When I fell in love a few years ago — a disastrous event, since the man did not return the feelings — I searched for psychological theories of love which might help me understand my predicament. It was then that I discovered C. G. Jung’s theories on the animus (the man in every woman) and anima (the woman in every man). To this day I feel that this interpretation is a rather sexist one — why are strength, assertiveness, and rationality considered “male” qualities even when found in women? Nevertheless, Jung’s theories did offer an explanation of why we fall in love “at first sight.” Because we are essentially forbidden to express characteristics of the “opposite sex” (assuming you accept such sexist definitions of masculinity and femininity) we segregate these qualities from the rest of our soul and project them on the first pretty (or handsome) face we see. We then embark on a desperate struggle to possess the loved one, and is this not understandable?

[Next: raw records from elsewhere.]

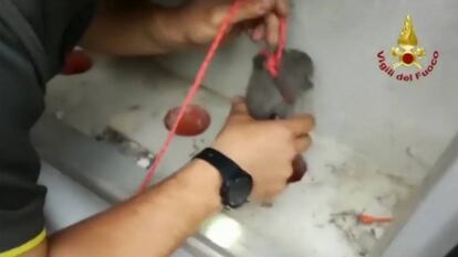Nadie sabe cómo tres cachorros de gato fueron a parar al interior de las tuberías de plástico de una vivienda de la localidad de Bussolengo, al norte de Italia. La voz de alarma la dieron unos niños que jugaban cerca del lugar cuando oyeron a los animales maullar. Fueron los padres de los menores quienes acabaron llamando al equipo de rescate de los bomberos, que logró sacarlos del interior de las tuberías, muy estrechas y de un metro y medio de profundidad, valiéndose de hilos y tubos finos. Una vez sanos y salvos, los reunieron de nuevo con su madre.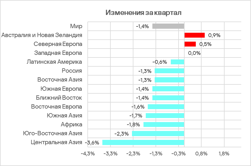 Во большинстве регионов, рассматриваемых в этом отчете, показатель уменьшился по сравнению с предыдущим кварталом. Увеличился он только в Австралии и Новой Зеландии, а также в Северной Европе.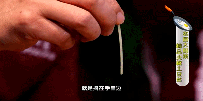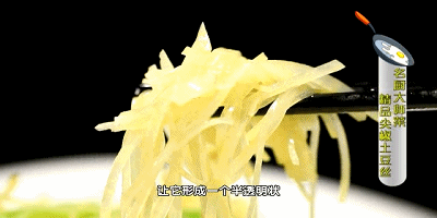 何亮大厨:把土豆丝搁在手里面一转,就可以完全转起来,如下图所示即可:

For it is a part of our own soul, without which we cannot live, that we see in the desired person.

After pondering all of this, I realized that I could prevent such indiscriminate falling in love by accepting the so-called “masculine” qualities of my personality. I am a whole person — not a half who “needs” another half, like an addict needs his/her drug. I no longer search the world anxiously for “Mr. Right” because I already possess him — he is a part of my own soul (is that not the ultimate union?). What is the man in me like? He is very much like me.

Ruth M. Shipley

The woman in me is a vampire, she shows her teeth and sucks the blood from flowers. she wears makeup and rosewater and when she shakes her hair I see she is really after all only the man in me. the woman in me is a gardener, living in a primitive italian village, alone, with five cats, who teaches the starlings to talk like Rhiannon of the Birds in ages past. she has black hair and gray eyes and when she breathes water oozes from her genitals. when she walks through the village everyone stops, turns to look at her, she mutters, they have never seen a man with such strength and virtue!

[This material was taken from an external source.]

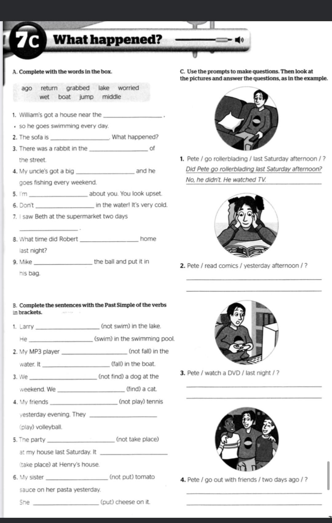 1. lake, 2. wet, 3. middle, 4. boat, 5. worried, 6. jump, 7. ago, 8. return, 9. grabbed.

the man in me is delicate and iron. he rises in the morning and enters the forest other men have built and chops wood. he chops forever and his beard is feverish and melon. at night, when he returns home, a man waits for him with red eyes and arms like water and the water flows across his belly and the all day illusion of manliness becomes a fable and he lets his hair down and his voice simmers in a pot in the kitchen.

the man in me is greedy and eats everything! he never stops eating! and he keeps in each pocket a secret voice and certain magical boxes received from midnight horses and a white woman who is voiceless and speaks through her jewelry. the man in me constructs towers of babel and mixes language. the woman in me invents pottery and bread and births children in the form of poetry.

the man in me starts wars and the woman in me ends them. the woman in me starts wars and the man in me ends them.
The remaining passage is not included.